2013-03-27 xml
U-Turn on Planning is Good News for Rural Property Owners

“The Government’s desperation to get the building industry moving again after five years in the doldrums, has meant that we are seeing yet another u-turn on planning reforms and this could be good news for agricultural property owners,” says Neil Henderson, Senior Planner at H&H Land and Property.

Here he looks at the proposed changes and what they may mean to those looking to convert unused farm buildings to other uses including residential homes.

Neil Henderson

Neil Henderson

Just weeks after resurrecting a plan to legislate to permit offices to be converted to houses or flats, having previously announced that they would not be proceeding, the Chancellor’s Budget statement indicated that the government will also now consult on "allowing further flexibilities between use classes to support change of use from certain agricultural and retail uses to residential use to increase responsiveness within the planning system".

As recently as February, Eric Pickles, the Secretary of State for Communities and Local Government, had announced the intention to allow change of use to agricultural buildings but specifically ruling out this change of use to include residential dwellings.

However, if the statement released on March 21st is to be believed, a change of heart has taken place. The Department for Communities and Local Government said: "Today's Budget … included planning proposals to secure the long-term future of high streets, by making better use of empty buildings and bringing people back to live in town centres, increasing footfall and supporting shops.

Other measures will enable rural communities to grow by ensuring better use is made of their existing buildings. By reducing planning burdens, redundant and empty barns and other farm buildings that are no longer viable for other farming or commercial uses could be converted to homes.

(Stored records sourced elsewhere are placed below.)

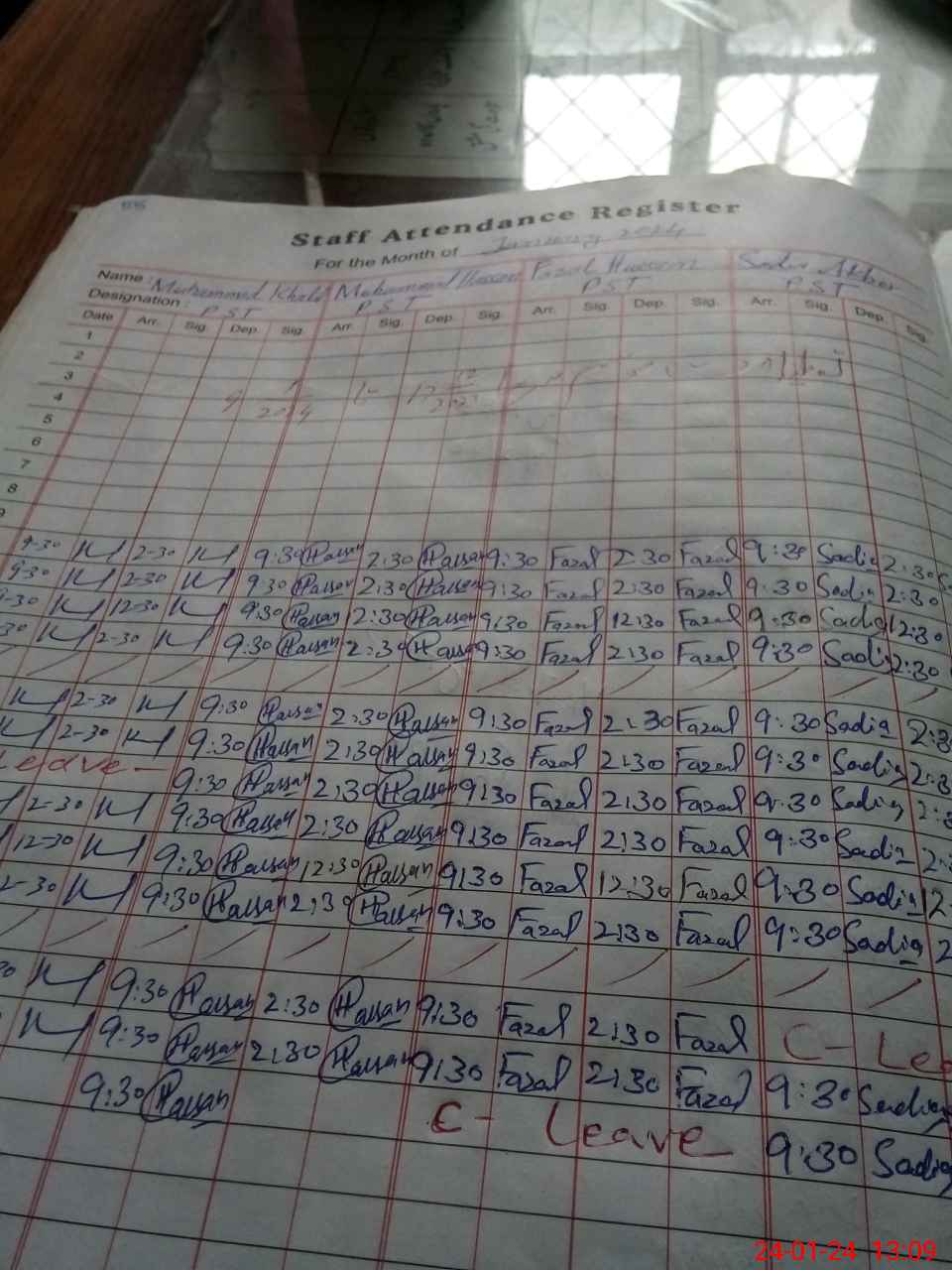 | CNIC | Full Name | Designation | R/C | Absence During Last Calender Month |
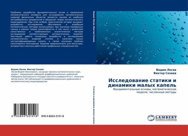Problemy razrabotki fundamental'nyh osnow i primeneniq matematicheskogo apparata dlq issledowaniq matematicheskih modelej fizicheskih ob#ektow qwlqütsq odnimi iz naibolee wostrebowannyh naprawlenij w obshirnoj teorii matematicheskogo modelirowaniq. Pri ätom osobyj, prakticheskij interes wyzywaet razrabotka, issledowanie, obosnowanie i aprobaciq matematicheskih metodow ispol'zuemyh pri izuchenii mezhfaznyh granic w ramkah teorii kapillqrnosti, w tom chisle s razwitiem kachestwennyh i priblizhennyh analiticheskih metodow issledowaniq sootwetstwuüschih matematicheskih modelej. Nastoqschaq rabota poswqschena razrabotke i issledowaniü matematicheskih modelej statiki i kinetiki malyh nestratificirowannyh kapel', a takzhe izucheniü problem kapillqrnogo wpitywaniq. Izdanie prednaznacheno dlq magistrow, aspirantow i nauchnyh rabotnikow profil'nyh special'nostej.
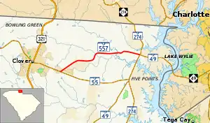 South Carolina Highway 557 (SC 557) is a 6.710-mile (10.799 km) primary state highway in the U.S. state of South Carolina. It serves as a connector route between Clover and Lake Wylie.
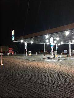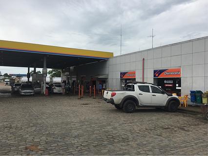 Estacionamento de caminhões em posto de gasolina. Ótima parada, com muitas boas opções para ficar, incluindo hotéis e estacionamentos para caminhões. Chuveiro 5 reais, se abastecer é grátis. Chuveiro quente disponível no banheiro feminino. Conversamos com o segurança e conseguimos eletricidade para carregar.
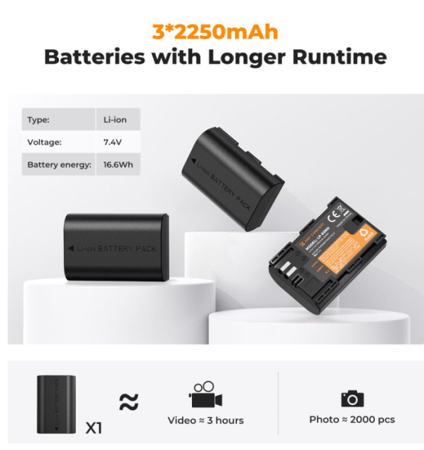 Das Set enthält drei Lithium-Ionen-Akkus mit hoher Kapazität (2250 mAh), die jeweils 7,4 V und 16,6 Wh liefern. Dies sorgt für eine längere Aufnahmezeit und reduziert die Notwendigkeit häufiger Akkuwechsel bei langen Einsätzen. Diese Akkus sind als zuverlässiger Ersatz für die Akkutypen LP-E6, LP-E6N und LP-E6NH konzipiert.
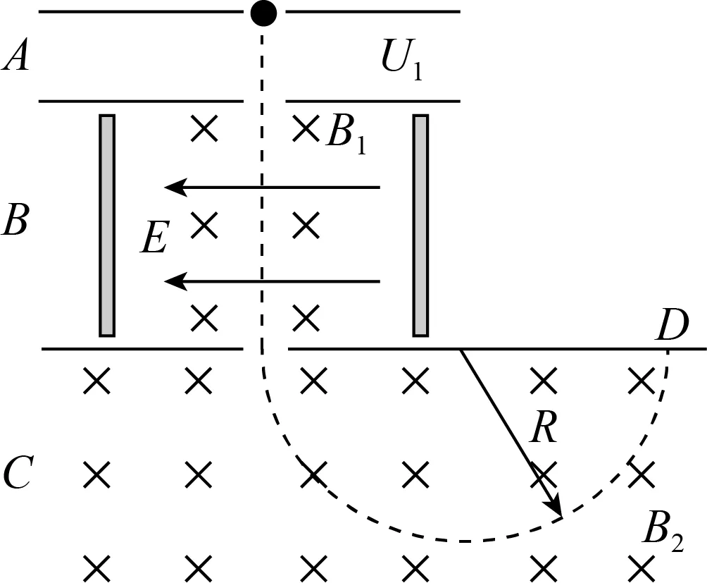 2. (2024·连云港期末)具有速度选择器的质谱仪原理如图所示,A为粒子加速器,加速电压为U1;B为速度选择器,磁场与电场正交,磁感应强度为B1,电场强度为E;C为偏转分离器,磁感应强度为B2,三种粒子 11H、21H、42He分别由静止经A加速进入B中,已知 21H通过B进入C中在磁场中做半径为R的圆周运动最终打在D点.下列说法中正确的是( )
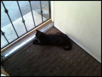 My cats love the sun! Buddy lays between the sliding door and the vertical blinds.

This will help increase rural housing for local people and promote regeneration of redundant and empty buildings."

It should be highlighted that the changes are only a proposal at this stage. It remains to be seen when the Government will act, and what restrictions would be incorporated within the legislation. It is likely that only the change of use of a building will be permitted; this would not cover work which affects the external appearance of the property, such as new windows, outside doors or n extensions. All changes will still have to comply with Building Regulations which could limit the suitability of buildings for residential use, so any plans for conversions need careful consideration.

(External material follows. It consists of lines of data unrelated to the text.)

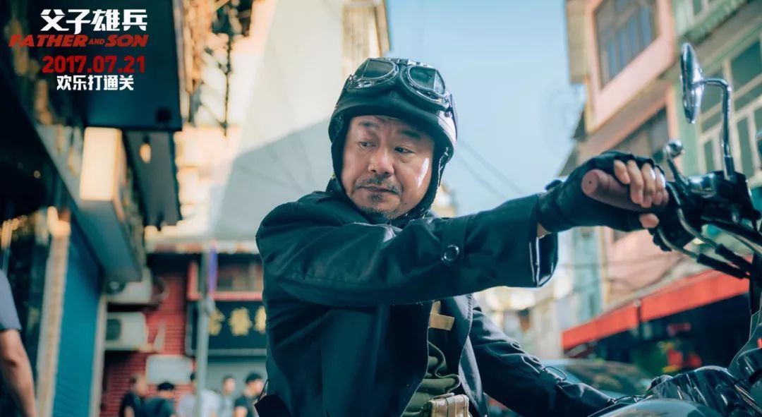 《父子雄兵》里,他甚至一改自己擅长的小人物形象,以头盔加墨镜,风衣配机车的的酷炫造型颠覆了观众。
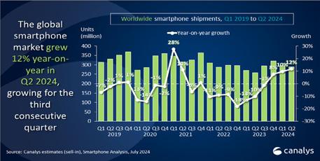 Según la última investigación de Canalys, el mercado mundial de teléfonos inteligentes alcanzó la racha de crecimiento interanual del tercer trimestre, con una expansión de envíos del 12% en el segundo trimestre de 2024, alcanzando 288 millones de unidades. Samsung siguió siendo el líder mundial con una participación de mercado del 18% mientras renovaba su énfasis en el mercado de alta gama como prioridad estratégica.
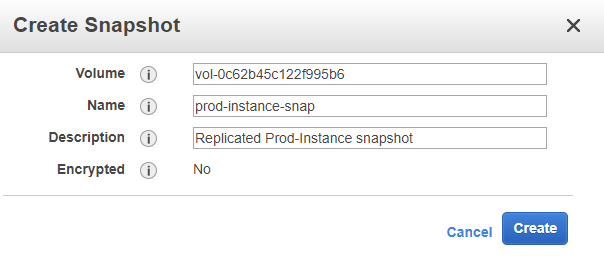 Click “Create Snapshot” to open up the snapshot window. From there select the volume that’s attached to your EC2 instance (this post assumes only a root volume) and then name your snapshot. You should also add a good description here for reference purposes later on down the road. When you’re done, click the “Create” button.

Neil concludes, "If the legal changes hinted at do take place then it will have significant implications for landowners and farmers with disused traditional agricultural buildings on their property. Many local councils currently have policies which, while allowing conversion of buildings in the countryside to business uses, prevent conversion to residential use. It is hard to see how those policies can be sustained if the reforms go through. Even where applications have previously been refused, a change in policy and legislation may mean similar proposals might now become acceptable. I would advise property owners to keep a keen eye on how the Government proceeds and to take planning advice if they wish to proceed with a barn conversion development.”